→ **Description of the task**:
From the listing that follows, reproduce only the lines from the one holding "Hallo, Riese, ich" through the one holding "梯户比:公寓5梯24户 商办6梯20户 建筑类型:公寓商办", both included, with no pictures.

→ **Data for analysis**:
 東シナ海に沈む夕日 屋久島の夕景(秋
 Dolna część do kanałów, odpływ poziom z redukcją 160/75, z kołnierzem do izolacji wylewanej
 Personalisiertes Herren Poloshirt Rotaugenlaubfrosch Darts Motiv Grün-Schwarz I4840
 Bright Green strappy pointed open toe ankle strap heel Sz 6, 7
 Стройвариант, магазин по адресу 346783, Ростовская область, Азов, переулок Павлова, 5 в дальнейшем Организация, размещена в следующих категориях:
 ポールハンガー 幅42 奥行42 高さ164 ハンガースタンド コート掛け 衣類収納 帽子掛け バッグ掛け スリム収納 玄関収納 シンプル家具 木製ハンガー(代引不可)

* * *

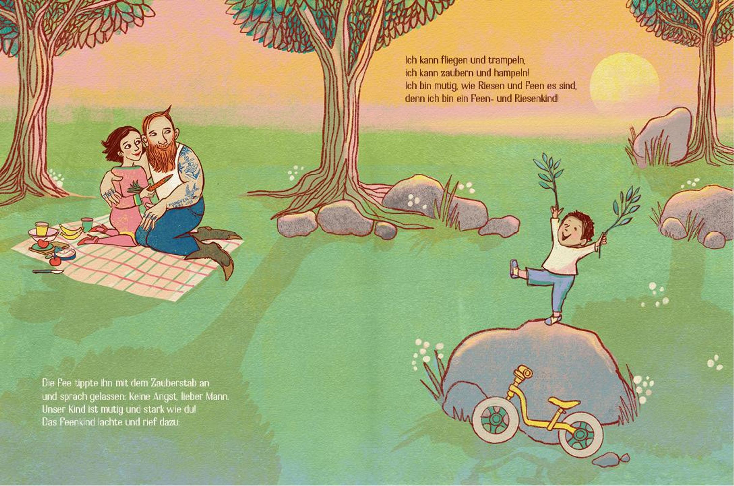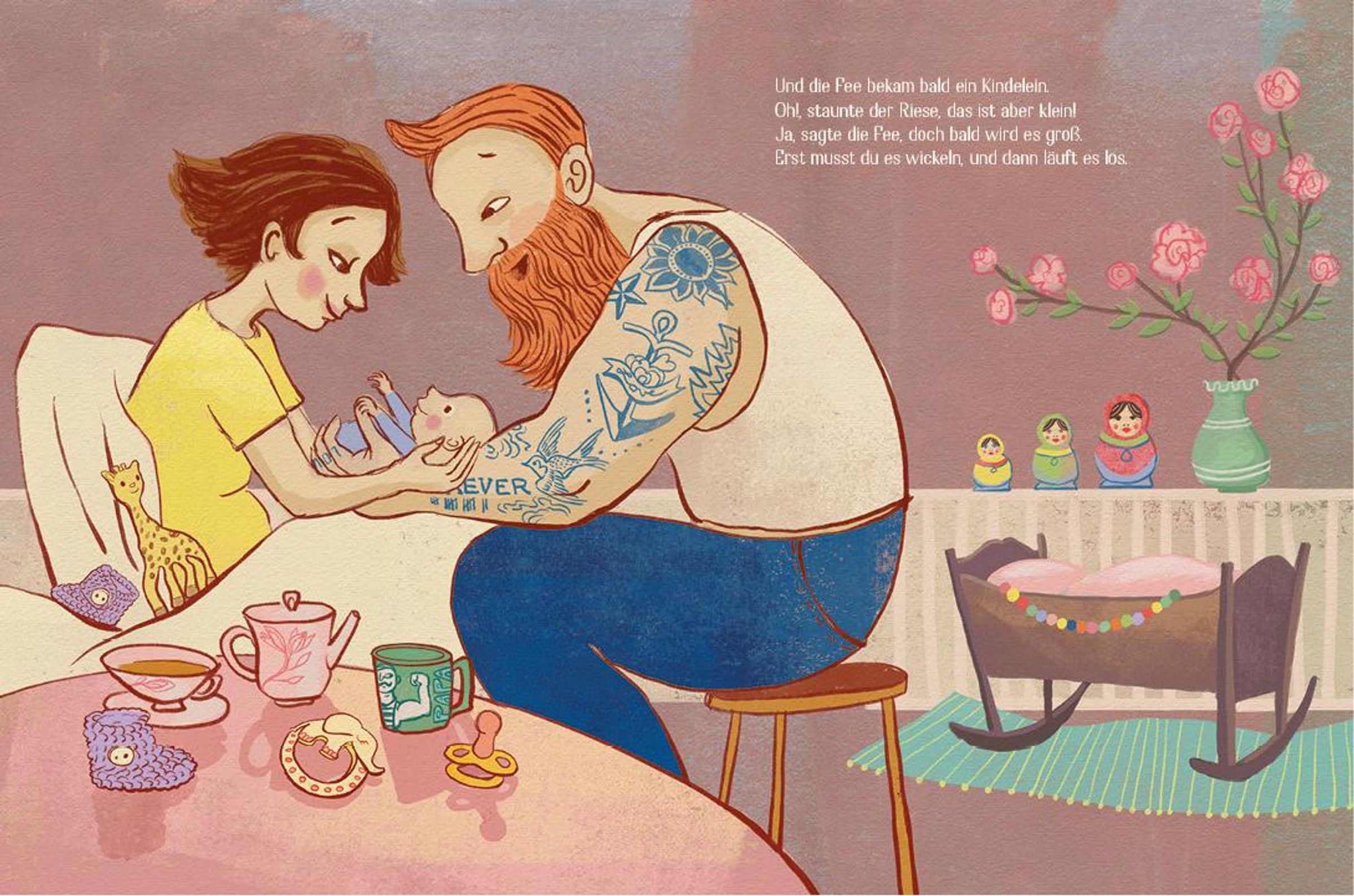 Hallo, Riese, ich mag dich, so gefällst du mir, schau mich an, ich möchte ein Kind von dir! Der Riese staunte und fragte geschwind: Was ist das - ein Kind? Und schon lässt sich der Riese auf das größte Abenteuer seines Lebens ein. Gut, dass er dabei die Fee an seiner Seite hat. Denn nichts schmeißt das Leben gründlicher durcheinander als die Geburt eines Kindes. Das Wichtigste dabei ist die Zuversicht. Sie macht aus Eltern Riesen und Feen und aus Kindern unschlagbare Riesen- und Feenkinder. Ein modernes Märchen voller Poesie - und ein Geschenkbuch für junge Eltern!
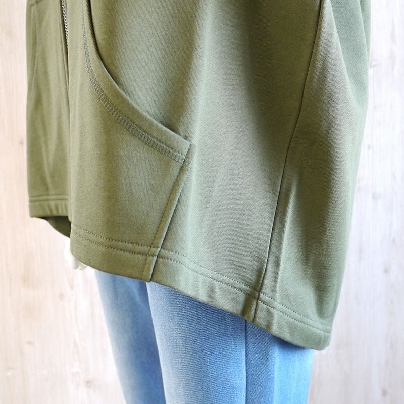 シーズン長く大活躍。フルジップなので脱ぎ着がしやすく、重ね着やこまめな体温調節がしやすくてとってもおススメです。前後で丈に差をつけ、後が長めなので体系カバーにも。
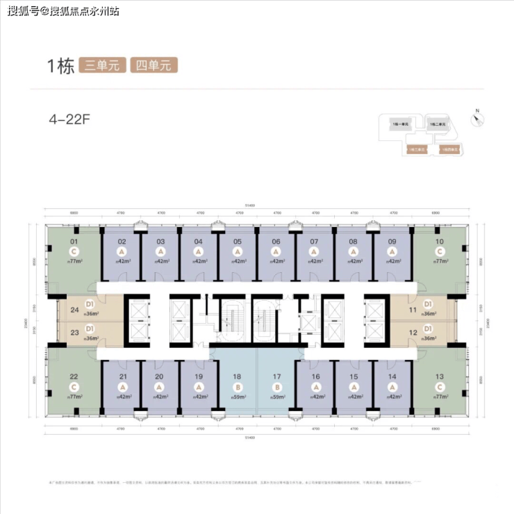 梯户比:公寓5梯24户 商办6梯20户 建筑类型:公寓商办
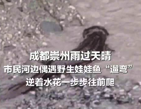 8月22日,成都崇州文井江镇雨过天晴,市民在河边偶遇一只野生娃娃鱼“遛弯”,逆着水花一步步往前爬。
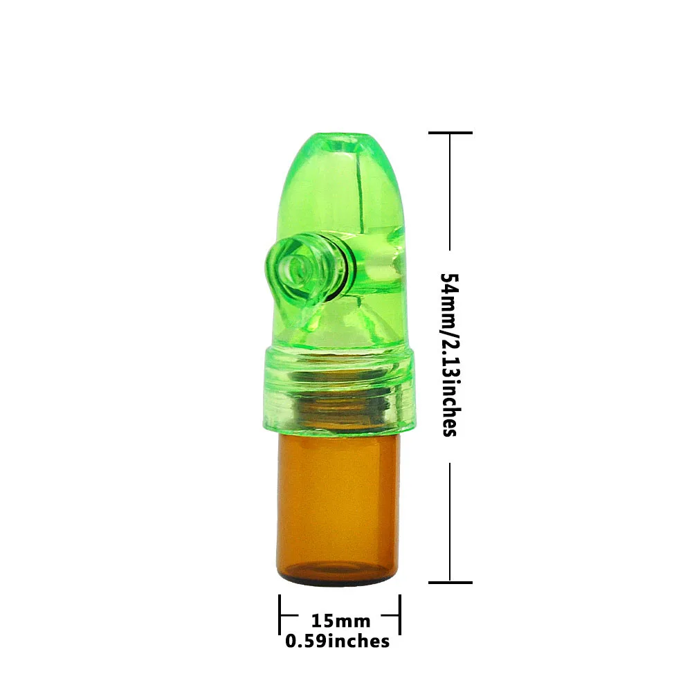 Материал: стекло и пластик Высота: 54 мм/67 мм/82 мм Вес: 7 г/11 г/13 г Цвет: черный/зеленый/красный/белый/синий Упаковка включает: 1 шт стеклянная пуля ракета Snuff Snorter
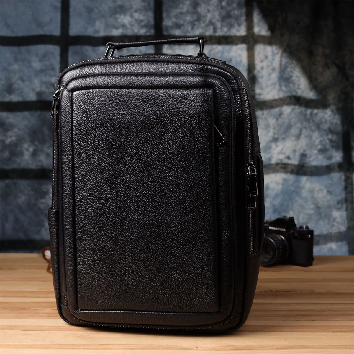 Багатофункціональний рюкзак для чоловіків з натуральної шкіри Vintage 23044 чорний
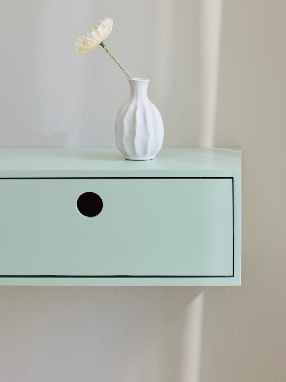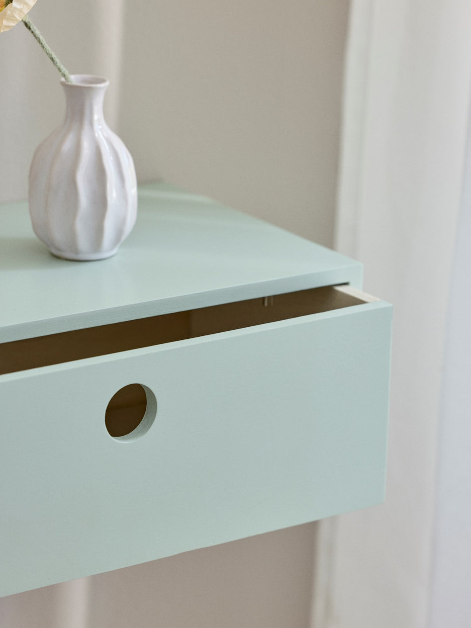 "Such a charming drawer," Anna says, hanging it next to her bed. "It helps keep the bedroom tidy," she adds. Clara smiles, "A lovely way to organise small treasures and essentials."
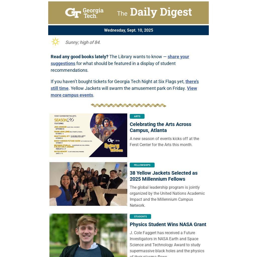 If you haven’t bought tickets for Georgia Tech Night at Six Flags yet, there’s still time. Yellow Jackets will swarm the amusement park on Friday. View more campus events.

--

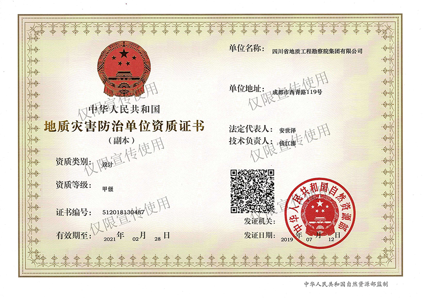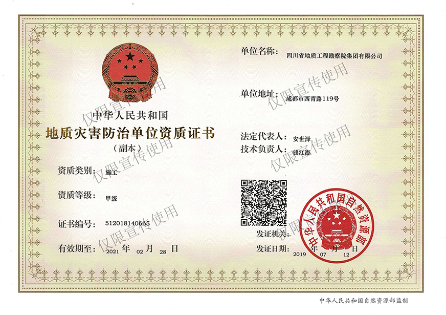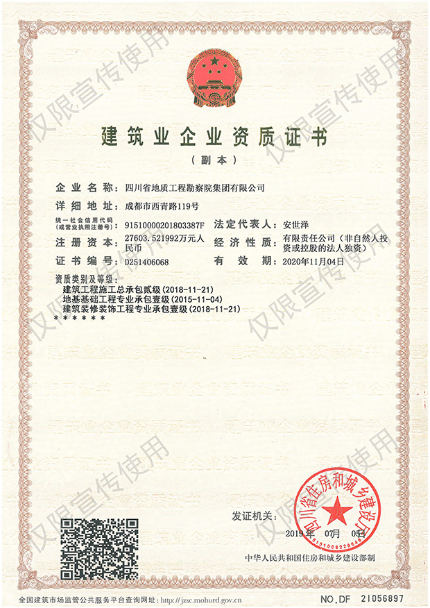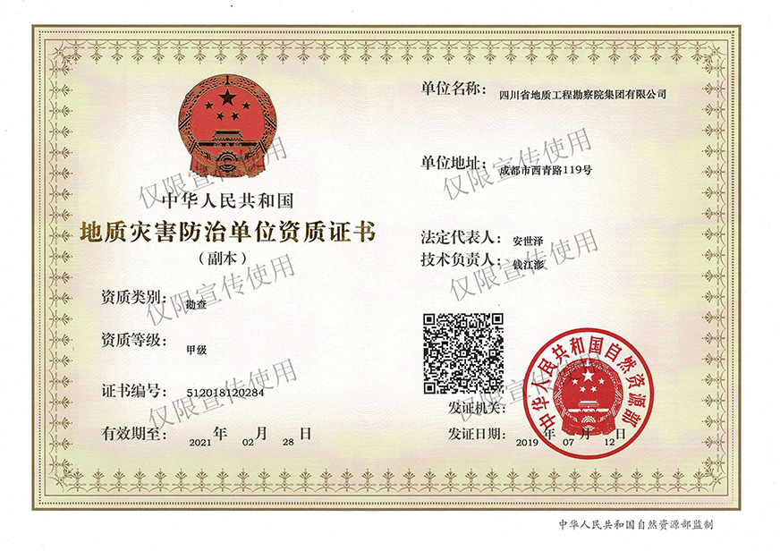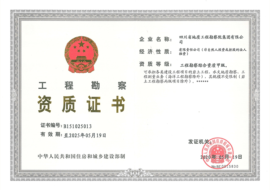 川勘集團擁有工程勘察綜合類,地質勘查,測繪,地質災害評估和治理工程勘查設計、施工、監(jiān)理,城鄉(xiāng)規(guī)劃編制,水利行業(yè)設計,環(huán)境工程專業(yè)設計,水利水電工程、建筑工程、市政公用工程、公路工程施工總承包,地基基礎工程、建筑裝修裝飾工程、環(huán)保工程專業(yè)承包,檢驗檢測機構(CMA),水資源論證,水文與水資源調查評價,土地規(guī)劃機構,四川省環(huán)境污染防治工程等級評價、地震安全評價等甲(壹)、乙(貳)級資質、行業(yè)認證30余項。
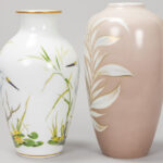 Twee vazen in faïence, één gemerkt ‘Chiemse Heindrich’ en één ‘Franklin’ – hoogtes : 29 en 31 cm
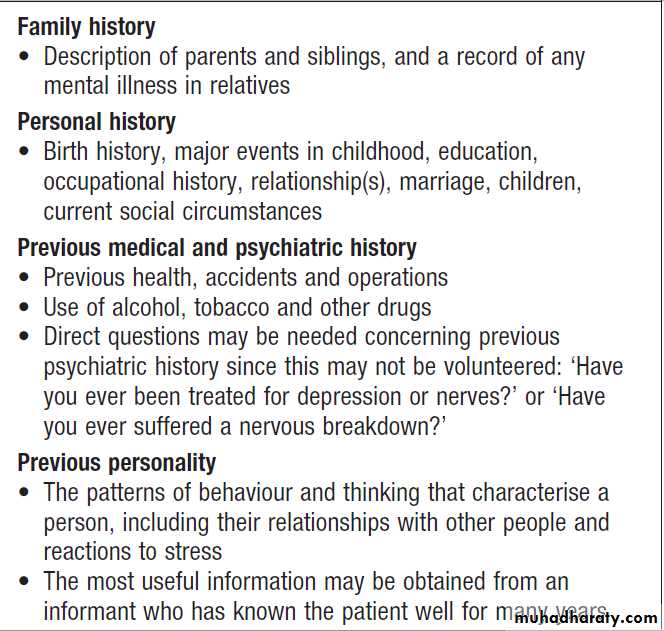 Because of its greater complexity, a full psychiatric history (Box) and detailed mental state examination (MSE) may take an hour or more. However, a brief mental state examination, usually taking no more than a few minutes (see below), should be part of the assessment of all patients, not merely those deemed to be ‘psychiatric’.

→ **Result for this task**:
 Hallo, Riese, ich mag dich, so gefällst du mir, schau mich an, ich möchte ein Kind von dir! Der Riese staunte und fragte geschwind: Was ist das - ein Kind? Und schon lässt sich der Riese auf das größte Abenteuer seines Lebens ein. Gut, dass er dabei die Fee an seiner Seite hat. Denn nichts schmeißt das Leben gründlicher durcheinander als die Geburt eines Kindes. Das Wichtigste dabei ist die Zuversicht. Sie macht aus Eltern Riesen und Feen und aus Kindern unschlagbare Riesen- und Feenkinder. Ein modernes Märchen voller Poesie - und ein Geschenkbuch für junge Eltern!
 シーズン長く大活躍。フルジップなので脱ぎ着がしやすく、重ね着やこまめな体温調節がしやすくてとってもおススメです。前後で丈に差をつけ、後が長めなので体系カバーにも。
 梯户比:公寓5梯24户 商办6梯20户 建筑类型:公寓商办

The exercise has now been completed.